* _GIVEN DATA_
⟨

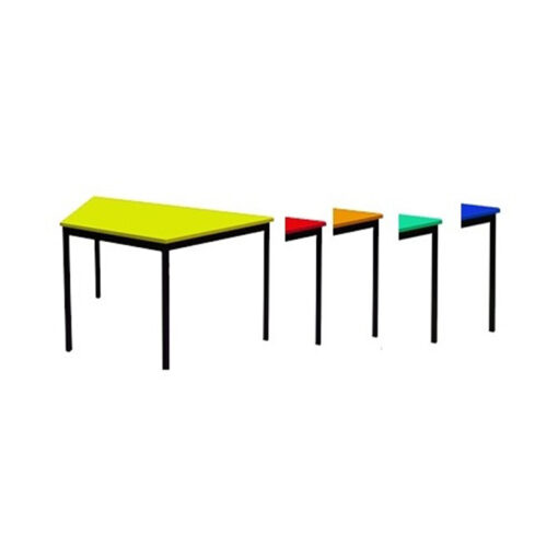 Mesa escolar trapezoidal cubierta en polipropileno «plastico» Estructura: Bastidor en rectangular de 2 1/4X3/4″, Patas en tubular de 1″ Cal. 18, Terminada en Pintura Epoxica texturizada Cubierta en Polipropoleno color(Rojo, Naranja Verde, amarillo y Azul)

⟩
⟨

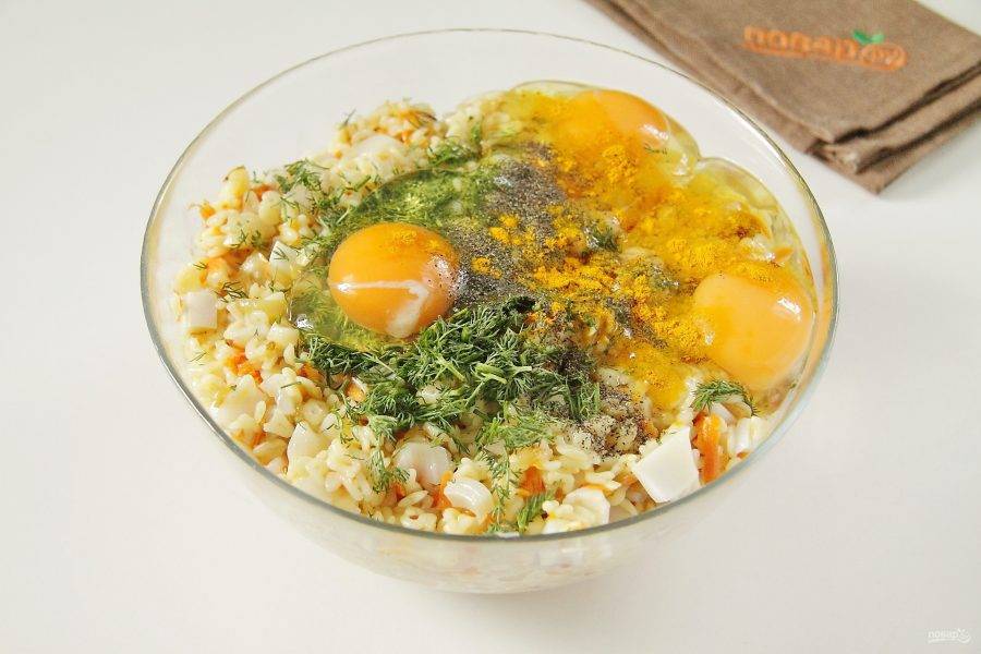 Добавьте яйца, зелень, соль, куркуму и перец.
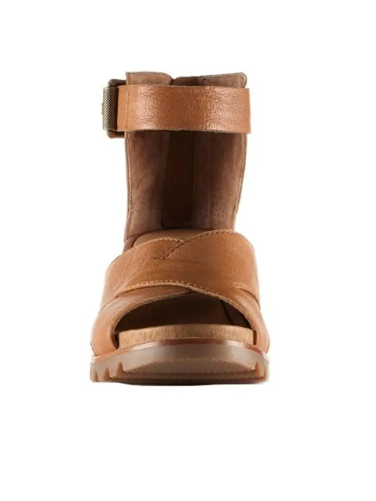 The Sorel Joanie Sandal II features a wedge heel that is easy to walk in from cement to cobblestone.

⟩

Start with the line above containing "Добавьте яйца, зелень, соль, куркуму" and end with the line containing "The Sorel Joanie". Set down that stretch exactly, without any pictures.

 Добавьте яйца, зелень, соль, куркуму и перец.
 The Sorel Joanie Sandal II features a wedge heel that is easy to walk in from cement to cobblestone.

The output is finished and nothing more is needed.